La séduction s’appuie sur deux processus émotionnels complémentaires. D’une part, il y a activation d’un phénomène émotionnel positif par la sympathie que déclenche l’émetteur – système affectif privilégié autorisant les processus d’identification. D’autre part, le renforcement d’un phénomène émotionnel négatif souligne les conflits qui opposent le recrutable à son environnement habituel. Le “love-bombing” (bombardement d’amour) de l’émetteur sur le récepteur s’accompagne d’un bombardement de haine’ du couple émetteur- récepteur à l’égard des tiers, société, famille, patrie d’origine etc.

La captation.

La phase de captation consiste exclusivement à submerger le sujet de liens affectifs qui le rassurent et lui donnent le sentiment d’appartenance à un groupe. Il faut que le recruté soit convaincu qu’il va désormais pouvoir compter sur l’appui de personnes qui déclarent éprouver de la sympathie pour lui. Le Front se présente alors comme un cocon, comme une famille de substitution plus accueillante et compréhensive que la famille naturelle.

La conversion.

Il s’agit du point culminant de l’assimilation du Front Polisario. Le futur converti épuise ses défenses à réduire la dissonance qui existe entre les normes de sa vie antérieure et les nouvelles règles qui lui sont proposées.

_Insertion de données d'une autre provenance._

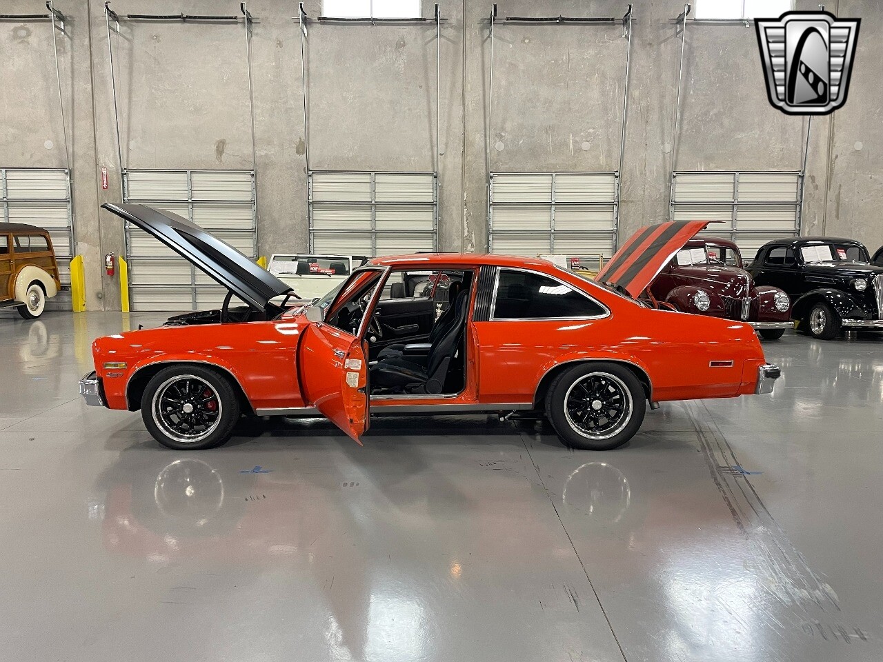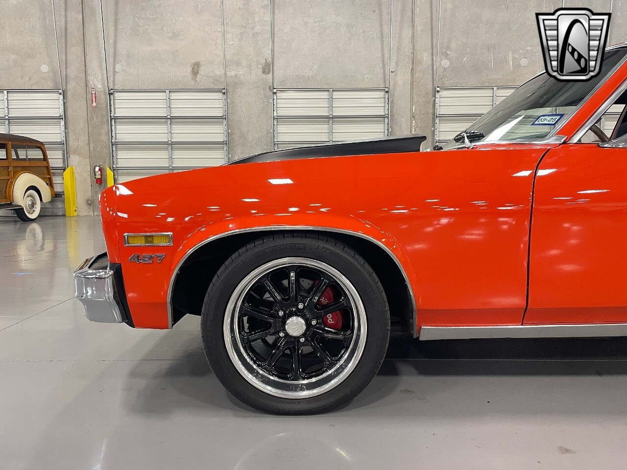 Gateway Classic Cars of San Antonio/Austin is proud to present this 1976 Chevrolet Nova. The car is refinished in orange with black stripes and a black B-pillar. Details include a cowl-induction hood, LED projection lights, tinted windows, 427 badging, and chrome bumpers. Under the hood, the Dart SHP 427ci V8 produced maximum outputs of 601 horsepower and 545 lb-ft of torque during a 2019 dynamometer run thanks to the help of Dart aluminum heads, Eagle crank, forged pistons, H-beam rods, Comp Cams solid roller cam and Harland Sharp rocker arms. Additional equipment includes a Holley carburetor, an Edelbrock intake manifold, an 8-quart oil pan, Chevrolet-branded aluminum valve covers, Hooker exhaust headers, ProFlow mufflers, an aluminum radiator with dual electric fans, and an MSD distributor, ignition box, and coil. Power is sent to the rear wheels through a Tremec five-speed manual transmission, and a Ford 9 rear end said to be fitted with a 4.30:1 Detroit TrueTrac limited-slip differential. The interior is fitted with aftermarket front bucket seats trimmed in black cloth and vinyl and are accompanied by a center console with storage and cupholders. Additional equipment includes a Hurst shifter, Chevrolet bow tie-branded floor mats, and an aftermarket stereo system with a Kenwood Bluetooth-capable head unit and a trunk-mounted Kicker amplifier and subwoofer. The 17 US Mags wheels are mounted with 225/45 front and 235/50 rear Michelin Pilot Sport tires. Suspension modifications include subframe connectors, CalTrac traction bars, and a SpeedTech front suspension with Viking coilovers. Wilwood brake calipers are mounted over cross-drilled and slotted rotors at all four corners. Don't miss the opportunity to own a piece of automotive history that delivers both style and performance..
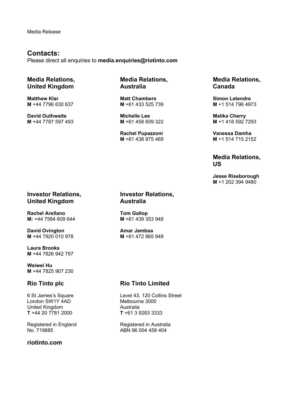 Media Release Contacts: Please direct all enquiries to media.enquiries@riotinto.com Media Relations, United Kingdom Matthew Klar M +44 7796 630 637 David Outhwaite M +44 7787 597 493 Media Relations, Australia Matt Chambers M +61 433 525 739 Michelle Lee M +61 458 609 322 Rachel Pupazzoni M +61 438 875 469 Media Relations, Canada Simon Letendre M +1 514 796 4973 Malika Cherry M +1 418 592 7293 Vanessa Damha M +1 514 715 2152 Media Relations, US Jesse Riseborough M +1 202 394 9480 Investor Relations, United Kingdom Rachel Arellano M: +44 7584 609 644 David Ovington M +44 7920 010 978 Laura Brooks M +44 7826 942 797 Weiwei Hu M +44 7825 907 230 Investor Relations, Australia Tom Gallop M +61 439 353 948 Amar Jambaa M +61 472 865 948 Rio Tinto plc 6 St James’s Square London SW1Y 4AD United Kingdom T +44 20 7781 2000 Registered in England No. 719885 Rio Tinto Limited Level 43, 120 Collins Street Melbourne 3000 Australia T +61 3 9283 3333 Registered in Australia ABN 96 004 458 404 riotinto.com
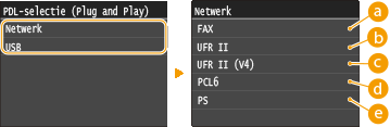 Selecteer een paginabeschrijvingstaal (PDL), zodat de machine wordt gedetecteerd als een printer die compatibel is met die taal wanneer de machine via Plug and Play wordt aangesloten op een computer.
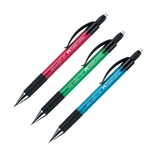 Portaminas Faber Castell Grip Matic 0,7mm x unidad, zona grip de agarre suave, forma triangular ergonómica, la mina avanza automáticamente.
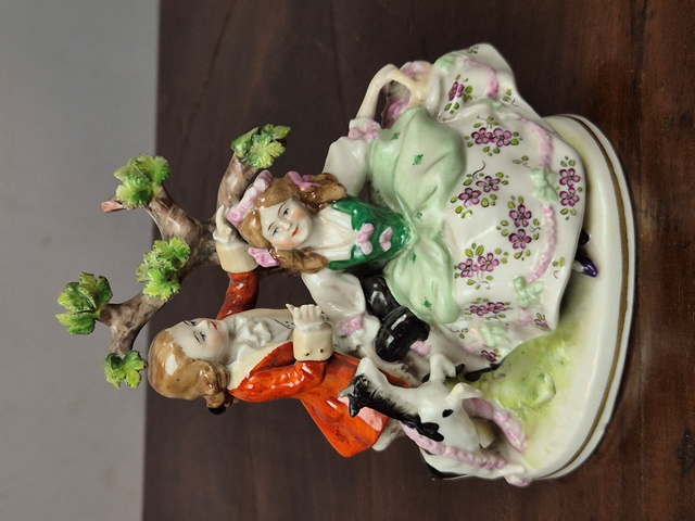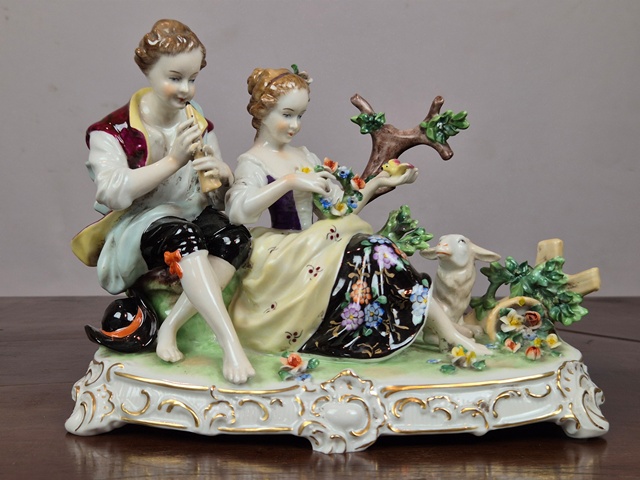 ANTICO GRUPPO IN PORCELLANA SEC.XIXdisponibile GRUPPO IN PORCELLANA RAFFIGURANTE SCENA GALANTE IN ABITI SETTECENTESCHI CON CAPRETTA,FIRMATO SUL FONDO CON "N" CORONATA IN BLU DI CAPODIMONTE. EPOCA FINE SEC.XIX ALTEZZA:13,5 CM LUNGHEZZA:13 CM PROFONDITA':8 CM IN BUONE CONDIZIONI CON PICCOLI SEGNI DEL TEMPO PASSATO.
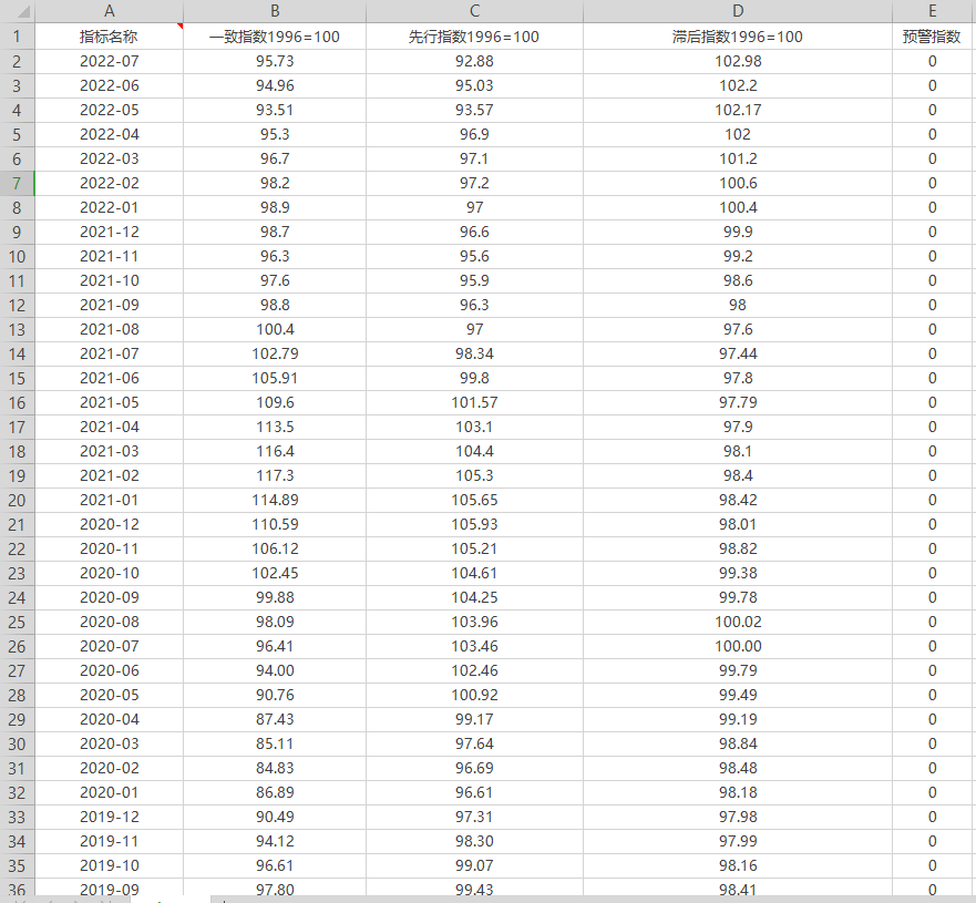 指标名称:一致指数1996=100、先行指数1996=100、滞后指数1996=100、预警指数
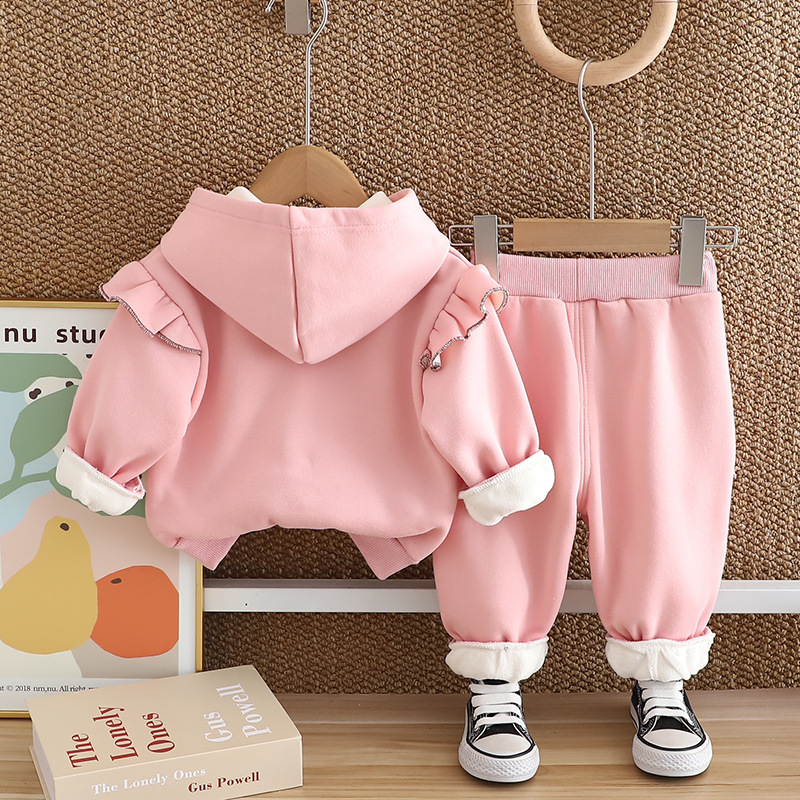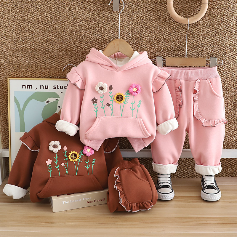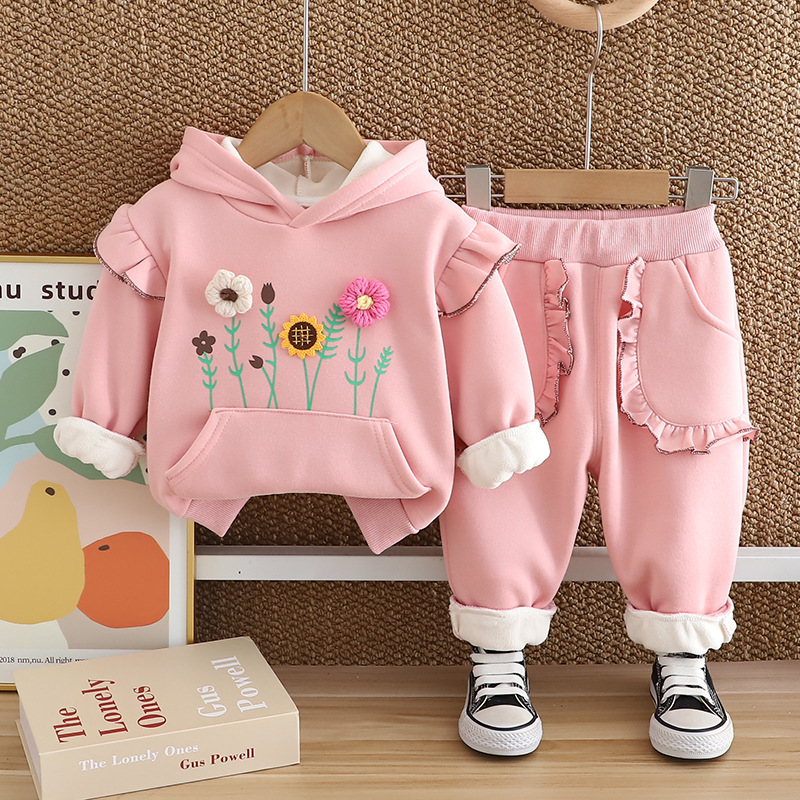 2024 가을과 겨울 아동복 새로운 한국 어린이 세트 소녀 작은 꽃 긴 소매 아기 투피스 가을 패션
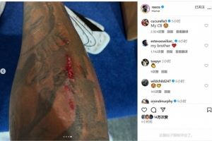 里斯-詹姆斯赛后更新社媒动态,晒出比赛照片,以及腿上的伤口。

Sa conversion suppose qu’il consente à un compromis entre son histoire passée et son futur. La conversion s’appuie sur un pari pour l’activiste. Il s’agit de troquer un passé douloureux contre un futur chatoyant assorti d’une dépendance corps et âme à la structure. L’acceptation de ce pari signe le pacte d’engagement définitif – “sans critique” – envers le commissaire politique. Le prosélytisme du disciple sera non seulement la preuve de sa conviction, mais aussi un instrument de renforcement du lien et un élément de coercition.

L’ endoctrinement.

Il s’agit de la phase de consolidation de la conversion. Elle vise à éliminer les restes d’esprit critique qui peuvent encore animer le sujet. L’endoctrinement tend à l’intégration de plus en plus forte de l’individu dans le Front Polisario.

Cependant, le statut réel n’a qu’un lointain rapport avec le statut affiché. Plus la responsabilité semble croître au sein du Front, plus les liens de dépendance se renforcent. La dépendance devient multidirectionnelle non seulement l’activiste dépend hiérarchiquement de ses supérieurs, mais il dépend moralement de ses inférieurs, et économiquement, socialement, de la structure.